## Record extracts
══════
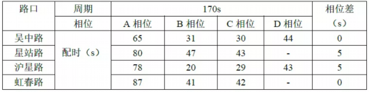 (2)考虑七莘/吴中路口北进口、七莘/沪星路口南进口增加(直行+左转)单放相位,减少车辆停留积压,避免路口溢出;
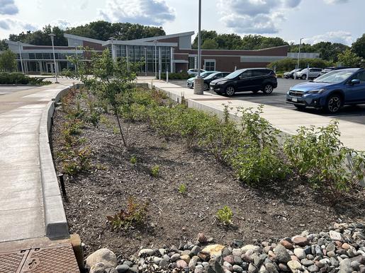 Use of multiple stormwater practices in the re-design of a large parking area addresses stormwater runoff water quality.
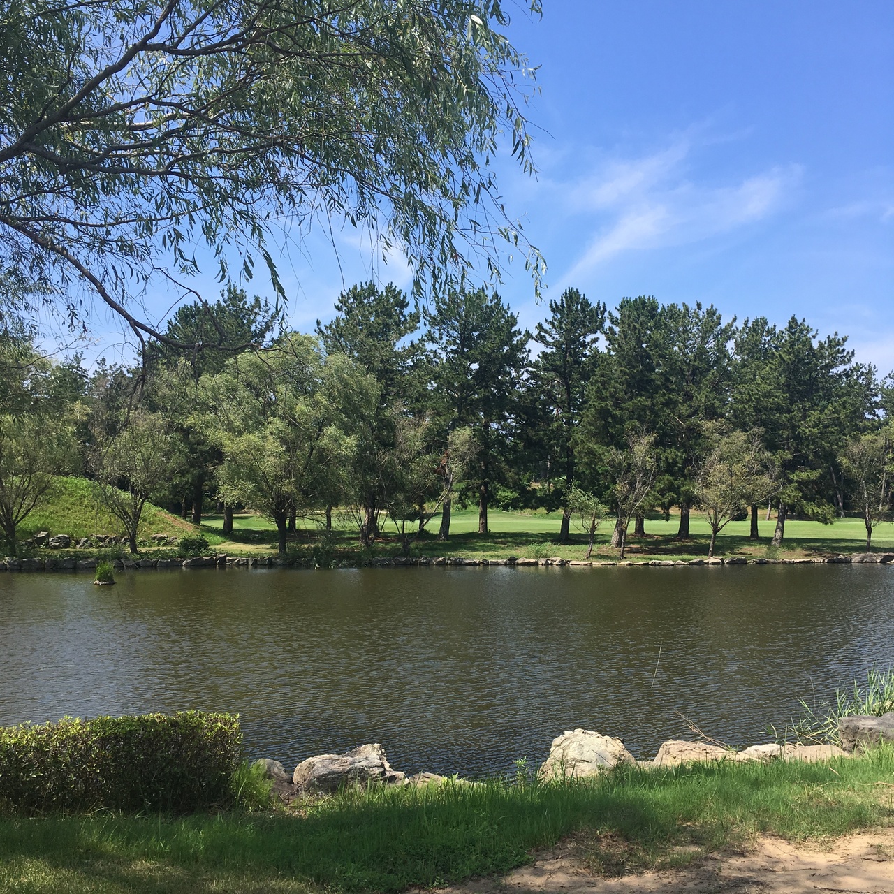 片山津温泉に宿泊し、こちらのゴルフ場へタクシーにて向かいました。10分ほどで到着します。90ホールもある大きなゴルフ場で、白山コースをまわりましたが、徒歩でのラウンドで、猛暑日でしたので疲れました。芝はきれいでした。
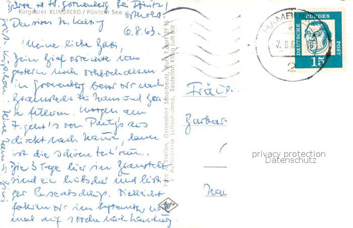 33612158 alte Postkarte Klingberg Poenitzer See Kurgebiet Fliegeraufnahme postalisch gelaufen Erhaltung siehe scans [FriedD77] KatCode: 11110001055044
══════
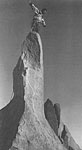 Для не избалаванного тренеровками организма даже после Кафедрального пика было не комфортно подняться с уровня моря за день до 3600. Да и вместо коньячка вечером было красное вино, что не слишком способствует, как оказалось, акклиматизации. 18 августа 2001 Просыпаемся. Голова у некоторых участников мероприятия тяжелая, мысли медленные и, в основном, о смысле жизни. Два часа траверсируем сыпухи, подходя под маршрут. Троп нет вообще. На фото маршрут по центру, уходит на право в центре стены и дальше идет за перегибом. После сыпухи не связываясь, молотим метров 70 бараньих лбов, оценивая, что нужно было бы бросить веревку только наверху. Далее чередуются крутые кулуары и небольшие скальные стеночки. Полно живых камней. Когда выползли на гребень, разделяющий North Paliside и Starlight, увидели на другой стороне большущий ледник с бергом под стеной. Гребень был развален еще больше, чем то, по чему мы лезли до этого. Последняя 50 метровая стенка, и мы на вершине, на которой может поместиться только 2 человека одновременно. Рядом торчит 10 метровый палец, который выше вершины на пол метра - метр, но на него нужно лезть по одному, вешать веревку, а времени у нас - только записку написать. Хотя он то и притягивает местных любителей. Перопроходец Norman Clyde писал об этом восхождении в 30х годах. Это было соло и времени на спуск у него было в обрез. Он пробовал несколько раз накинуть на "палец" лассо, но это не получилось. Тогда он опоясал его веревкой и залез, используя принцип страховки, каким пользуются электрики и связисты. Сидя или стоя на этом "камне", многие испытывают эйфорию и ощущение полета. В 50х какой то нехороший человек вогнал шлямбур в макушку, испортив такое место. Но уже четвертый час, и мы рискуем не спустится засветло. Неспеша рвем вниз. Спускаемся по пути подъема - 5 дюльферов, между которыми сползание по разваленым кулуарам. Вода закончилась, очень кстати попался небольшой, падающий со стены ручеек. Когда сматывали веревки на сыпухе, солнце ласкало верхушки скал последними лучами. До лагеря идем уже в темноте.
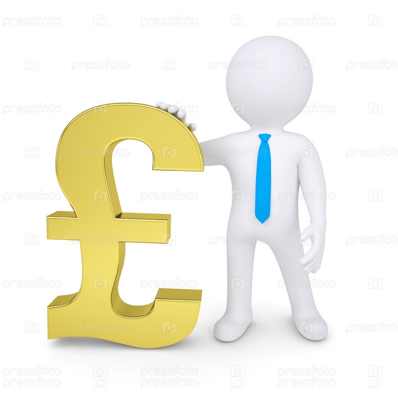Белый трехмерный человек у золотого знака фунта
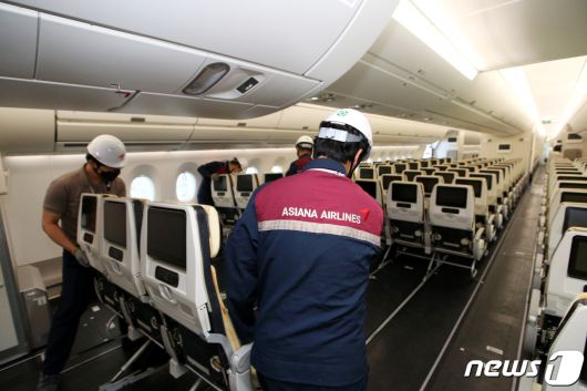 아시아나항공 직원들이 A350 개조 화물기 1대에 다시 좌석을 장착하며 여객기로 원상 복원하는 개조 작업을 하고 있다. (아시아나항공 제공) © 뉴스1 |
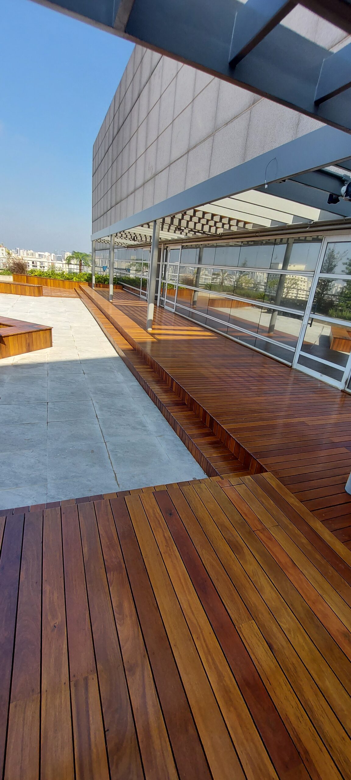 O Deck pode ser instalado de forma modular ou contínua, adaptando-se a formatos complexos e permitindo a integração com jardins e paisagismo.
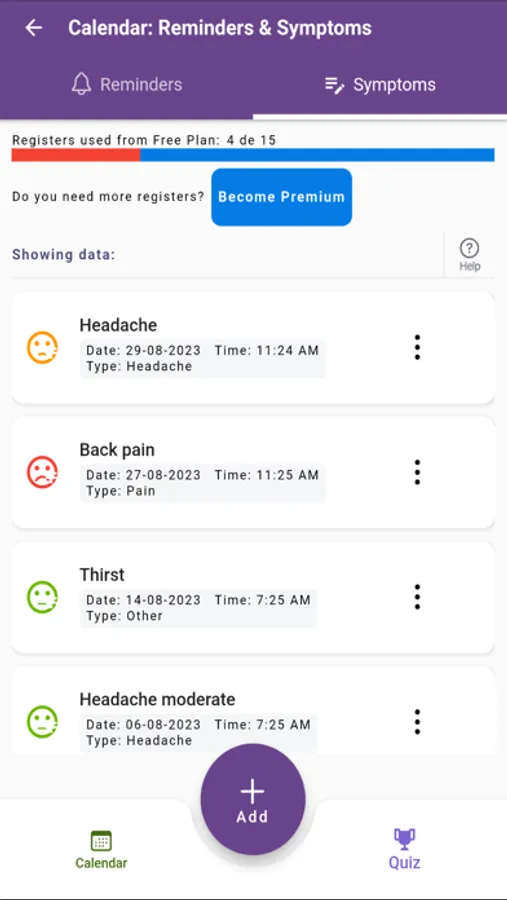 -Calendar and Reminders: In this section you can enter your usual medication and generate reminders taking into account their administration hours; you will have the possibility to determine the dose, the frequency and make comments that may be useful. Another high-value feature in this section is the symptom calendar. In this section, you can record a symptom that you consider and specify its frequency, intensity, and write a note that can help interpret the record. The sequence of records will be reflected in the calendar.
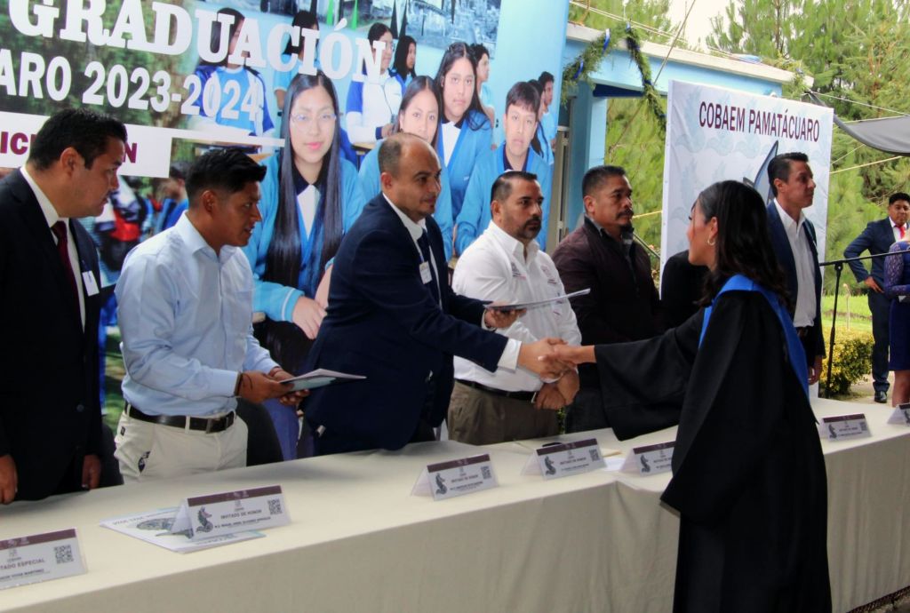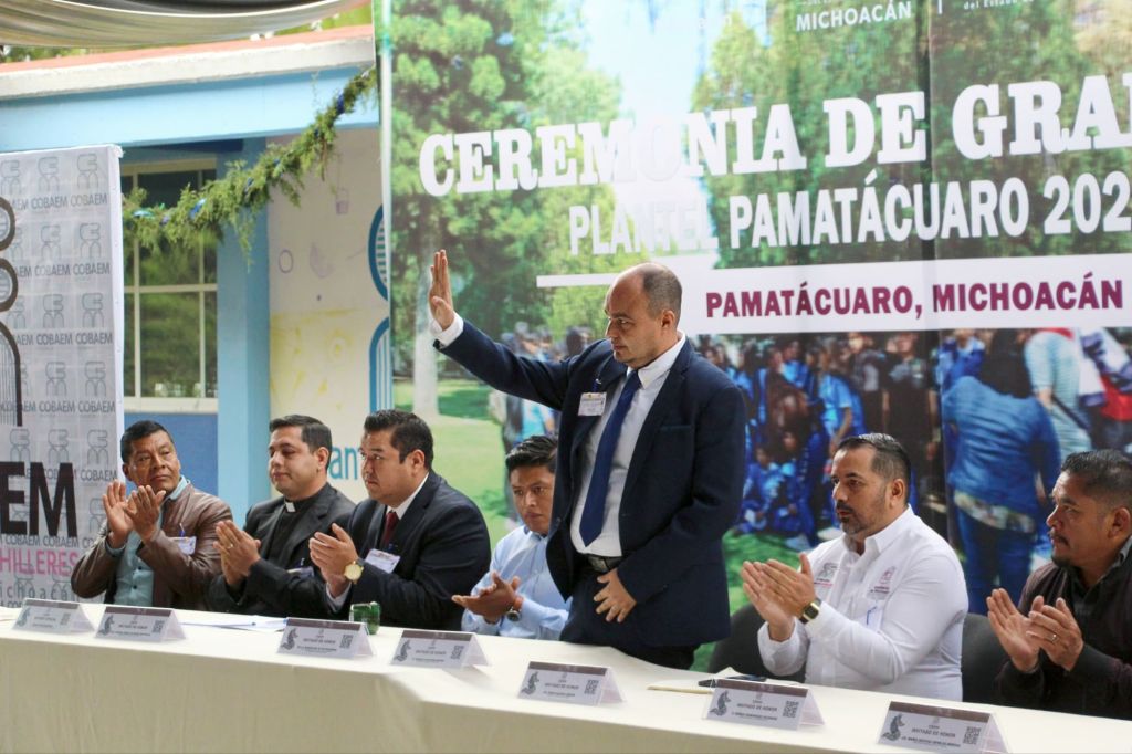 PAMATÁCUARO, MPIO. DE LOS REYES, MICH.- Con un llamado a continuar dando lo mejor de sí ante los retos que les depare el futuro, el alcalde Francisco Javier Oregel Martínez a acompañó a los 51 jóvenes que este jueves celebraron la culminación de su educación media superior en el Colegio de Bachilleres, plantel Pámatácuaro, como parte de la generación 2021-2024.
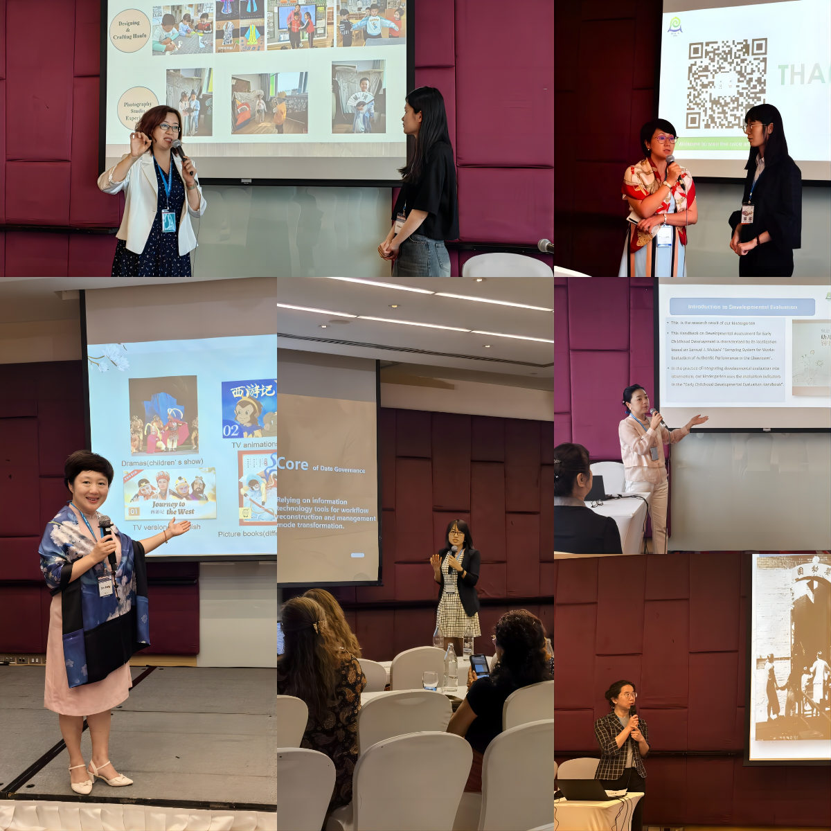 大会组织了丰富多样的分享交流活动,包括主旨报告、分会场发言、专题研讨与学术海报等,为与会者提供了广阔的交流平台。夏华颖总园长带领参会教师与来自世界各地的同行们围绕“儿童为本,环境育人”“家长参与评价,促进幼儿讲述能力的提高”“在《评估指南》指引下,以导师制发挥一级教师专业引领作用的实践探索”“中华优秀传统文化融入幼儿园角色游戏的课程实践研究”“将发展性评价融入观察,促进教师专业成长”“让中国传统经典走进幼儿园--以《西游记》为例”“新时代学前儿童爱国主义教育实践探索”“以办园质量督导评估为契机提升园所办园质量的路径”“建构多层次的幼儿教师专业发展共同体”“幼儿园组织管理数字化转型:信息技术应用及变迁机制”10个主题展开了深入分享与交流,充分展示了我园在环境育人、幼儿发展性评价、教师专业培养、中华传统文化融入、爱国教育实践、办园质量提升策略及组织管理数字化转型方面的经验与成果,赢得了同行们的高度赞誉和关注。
══════
## Task instructions
Going by the entries above, repeat exactly the lines that start at the line with "(2)考虑七莘/吴中路口北进" and go on through the line with "33612158 alte Postkarte". Pictures are not part of the copy.

## Completed exercise
 (2)考虑七莘/吴中路口北进口、七莘/沪星路口南进口增加(直行+左转)单放相位,减少车辆停留积压,避免路口溢出;
 Use of multiple stormwater practices in the re-design of a large parking area addresses stormwater runoff water quality.
 片山津温泉に宿泊し、こちらのゴルフ場へタクシーにて向かいました。10分ほどで到着します。90ホールもある大きなゴルフ場で、白山コースをまわりましたが、徒歩でのラウンドで、猛暑日でしたので疲れました。芝はきれいでした。
 33612158 alte Postkarte Klingberg Poenitzer See Kurgebiet Fliegeraufnahme postalisch gelaufen Erhaltung siehe scans [FriedD77] KatCode: 11110001055044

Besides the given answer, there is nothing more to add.